Frank Shuster,  (September 5, 1916 – January 13, 2002) was a Canadian comedian best known as a member of the comedy duo Wayne and Shuster, alongside Johnny Wayne.

Life and career 
Shuster was born to a Jewish immigrant family in Toronto, Ontario, and spent part of his childhood in Niagara Falls. His family returned to Toronto in time for Shuster to attend high school at Toronto's Harbord Collegiate Institute, where he met Johnny Wayne in 1930. The two would soon be performing sketches and routines at school talent shows, continuing to do the same when they both attended the University of Toronto.
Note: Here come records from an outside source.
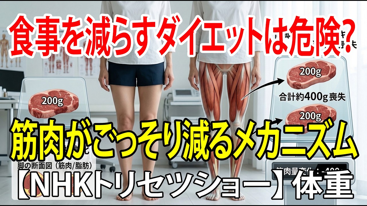 食事を減らすだけのダイエットがいかに危険か、そして筋肉が私たちの体にとってどれほど重要な役割を果たしているかを詳しく解説する動画です。
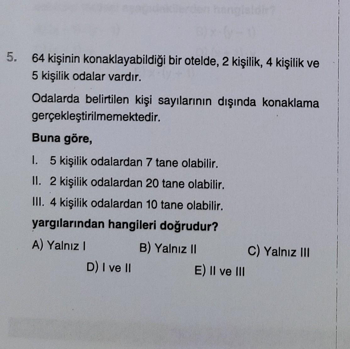 5. 64 kişinin konaklayabildiği bir otelde, 2 kişilik, 4 kişilik ve 5 kişilik odalar vardır. Odalarda belirtilen kişi sayılarının dışında konaklama gerçekleştirilmemektedir. Buna göre, I. 5 kişilik odalardan 7 tane olabilir. II. 2 kişilik odalardan 20 tane olabilir. III. 4 kişilik odalardan 10 tane olabilir. yargılarından hangileri doğrudur? A) Yalnız B) Yalnız II C) Yalnız III D) I ve II E) II ve III
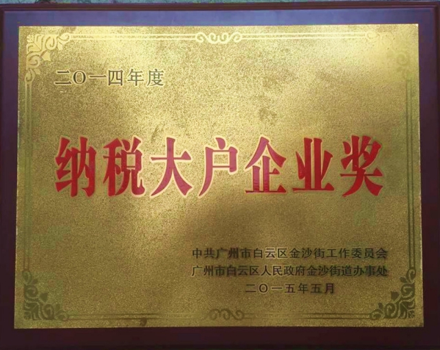 2015年5月29日,我司綜合研發(fā)中心總經(jīng)理女士代表我司出席了金沙街2014年度經(jīng)濟(jì)發(fā)展作出突出貢獻(xiàn)先進(jìn)單位的表彰大會(huì)。我司作為金沙街納稅額入?yún)^(qū)庫(kù)前5名的企業(yè),被廣州市白云區(qū)金沙街工作委員會(huì)、金沙街道辦事處授予2014年度“納稅企業(yè)大戶(hù)”稱(chēng)號(hào),獲頒獎(jiǎng)金1萬(wàn)元,我公司已連續(xù)2年獲得此榮譽(yù)稱(chēng)號(hào)。
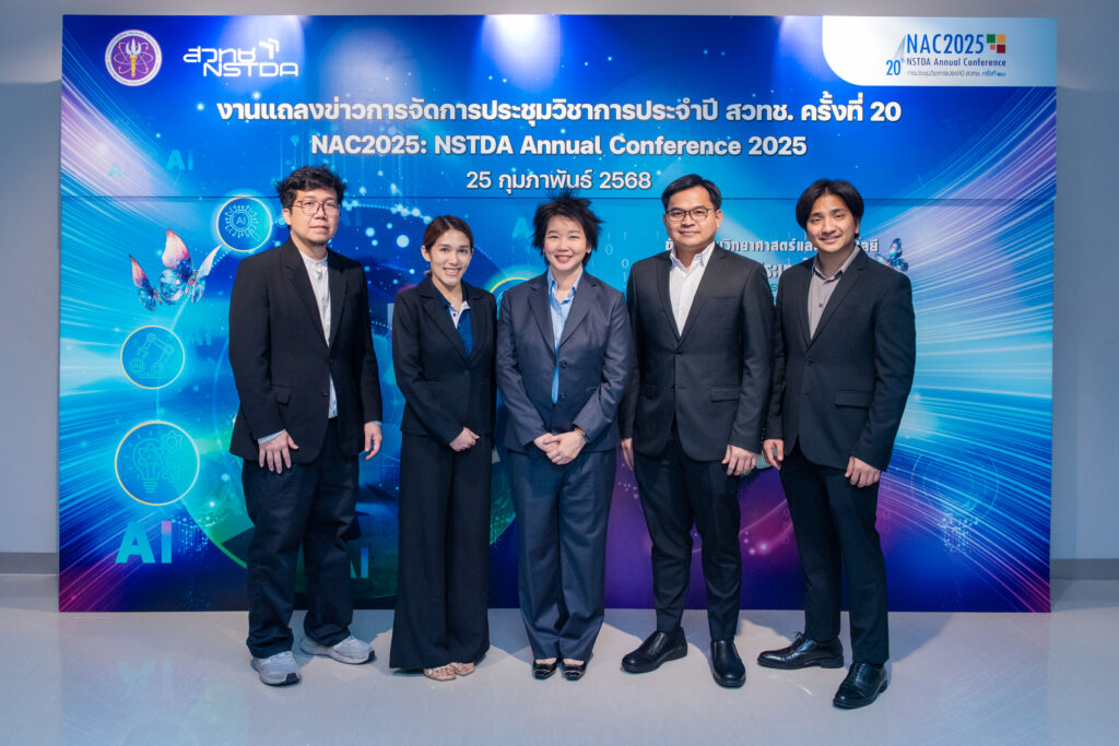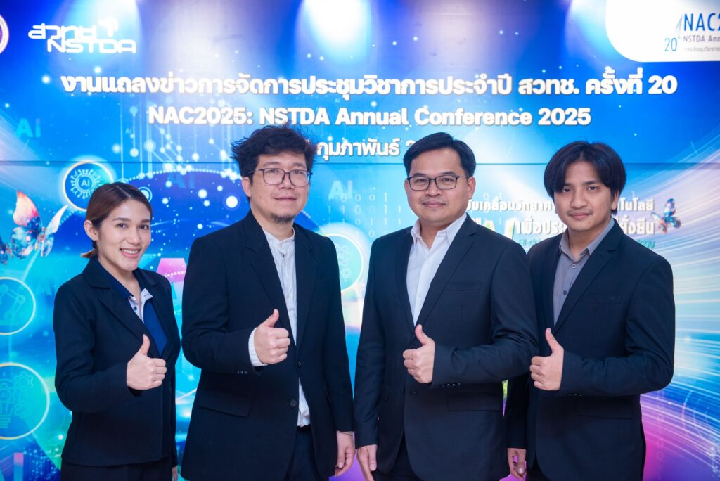 (25 กุมภาพันธ์ 2568) ณ ห้องแถลงข่าว ชั้น 1 อาคารพระจอมเกล้า กระทรวงการอุดมศึกษา วิทยาศาสตร์ วิจัยและนวัตกรรม (อว.): ศาสตราจารย์ ดร.ชูกิจ ลิมปิจำนงค์ ผู้อำนวยการสำนักงานพัฒนาวิทยาศาสตร์และเทคโนโลยีแห่งชาติ (สวทช.) ดร.ชัย วุฒิวิวัฒน์ชัย ผู้อำนวยการศูนย์เทคโนโลยีอิเล็กทรอนิกส์และคอมพิวเตอร์แห่งชาติ (เนคเทค) พร้อมด้วยทีมนักวิจัย สวทช. ภายใต้กระทรวง อว. และหน่วยงานพันธมิตร ร่วมงานแถลงข่าวการจัดการประชุมวิชาการประจำปี สวทช. ครั้งที่ 20 (20th NSTDA Annual Conference: NAC2025) ภายใต้แนวคิด “ขับเคลื่อนวิทยาศาสตร์และเทคโนโลยีด้วย AI เพื่อประเทศไทยที่ยั่งยืน: AI-driven Science and Technology for Sustainable Thailand” ซึ่งจะจัดขึ้นระหว่างวันที่ 26-28 มีนาคม 2568 ที่อุทยานวิทยาศาสตร์ประเทศไทย อ.คลองหลวง จ.ปทุมธานี
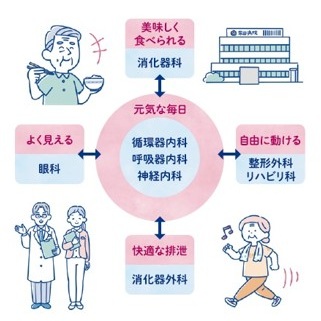 私たちが健康で元気な毎日を過ごしていくためには、心臓がちゃんと動き、呼吸ができ、そして体の精神・神経系が働いていることが大切です。そのうえで、毎日の食事をおいしくいただけることと快適な排泄が 行われることが必要です。さらに私たち人類は外界の変化を見ることでよく知り、その結果に基づき自由に動けることが大切です。 図にお示ししますようにこれらの体の機能をちゃんと働かせるように、 柴田病院では、循環器内科、呼吸器内科、神経内科の先生方が元気な毎日を、 消化器内科と消化器外科では口から肛門までのいわゆる消化器を診察させていただきます。それに加え、眼科では高齢者のための白内障手術を行っています。また柴田病院ではリハビリテーション科に加え、新たに整形外科の先生による診察も行っています。 まだまだ常勤医師は四名と少ないですが、山口大学病院の先 生方のご支援のおかげ で、医療体制は整いつ つあります。
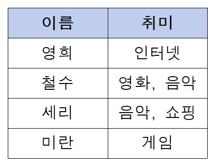 현재 테이블은 속성 하나는 하나의 속성값만을 가져야 한다는 1차 정규형에 위배된다.
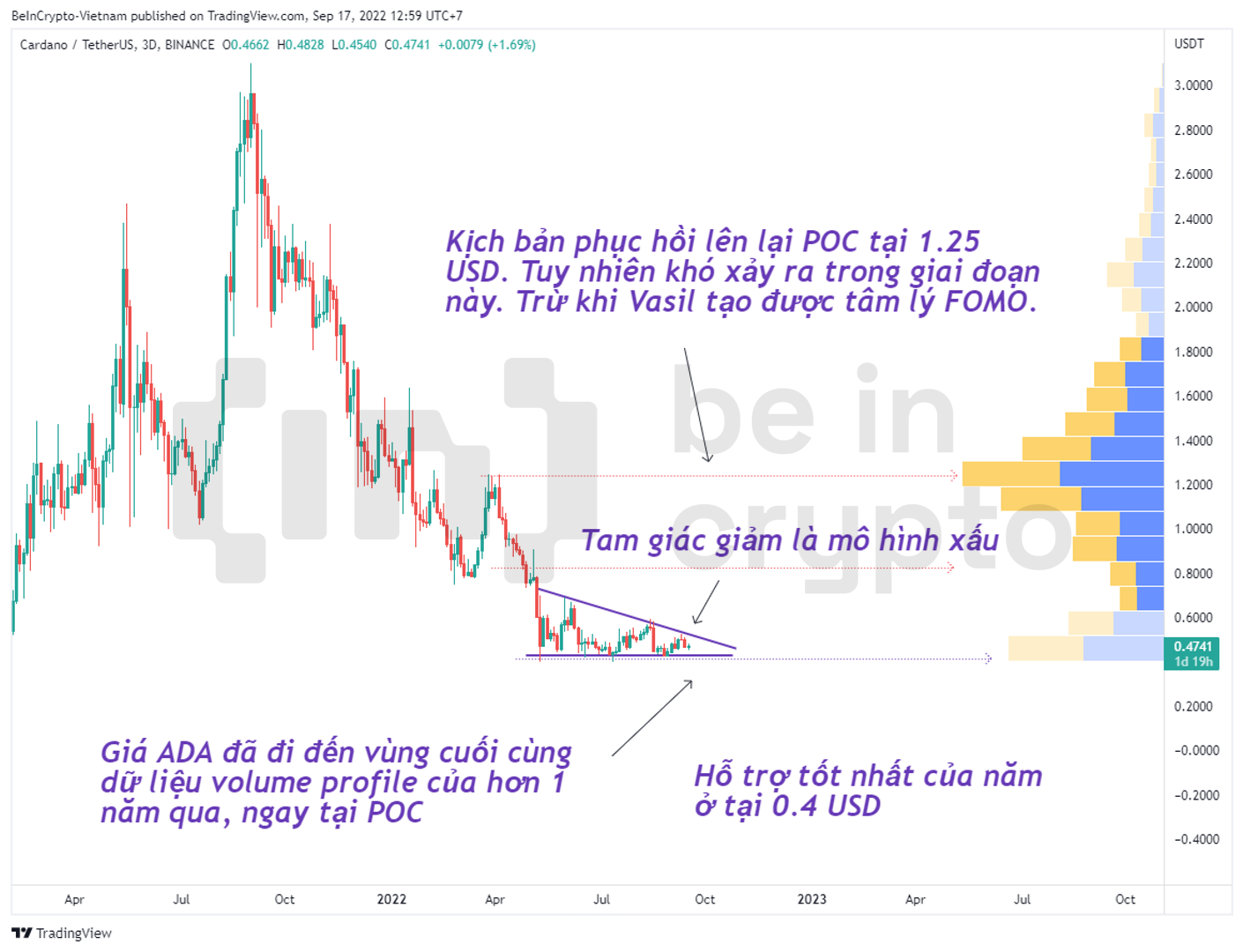 - Lý do thứ nhất, đây là vùng giá đánh dấu nơi kết thúc của dữ liệu volume profile (VP) từ đầu năm 2021 đến nay. Và vùng 0.4 USD cũng chính là vùng POC (point of control) của VP. Nghĩa là, số đông nhà giao dịch đồng thuận tại mức giá này lâu nhất.
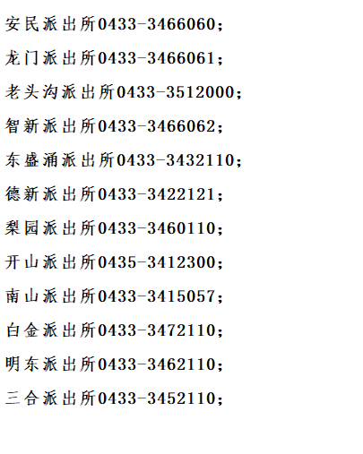 便民黄页:延边州龙井市各派出所值班电话号码大全表。安民派出所;龙门派出所;老头沟派出所;智新派出所;东盛涌派出所;德新派出所;梨园派出所;开山派出所;南山派出所;白金派出所;明东派出所;三合派出所。
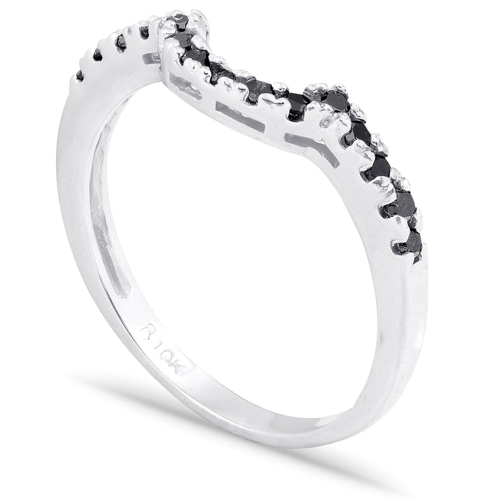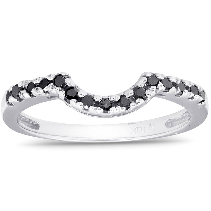 1/4 Ct Black Diamond Curved Notched Wedding Engagement Enhancer Ring Band 10k White Gold by Pompeii3 Rings features round cut genuine black diamonds prong set in solid 10k white gold. The ring has an 8x2mm notch design, making it a perfect enhancer for a wedding or engagement ring.

By the early 1940s Wayne and Shuster began appearing on local radio station CFRB, and during World War II they joined the Canadian Army as performers, entertaining Canadian troops, and performed on the CBC Radio series The Army Show. After the war, the duo appeared on CBC radio and television, becoming a network fixture with regular appearances from the 1940s through the 1980s. They appeared on The Ed Sullivan Show over 66 times. The duo would remain a comedy team for 50 years, until Wayne's death in 1990.

In 1996, Shuster was made an Officer of the Order of Canada.

Personal life 
Shuster was married to Ruth Shuster and had two children: Rosie and Steve. Rosie Shuster was a comedy writer for Saturday Night Live and other television programs, and former wife of Lorne Michaels. Steve Shuster, a standup comic, writer, musician, and actor, died in 2017 at the age of 67.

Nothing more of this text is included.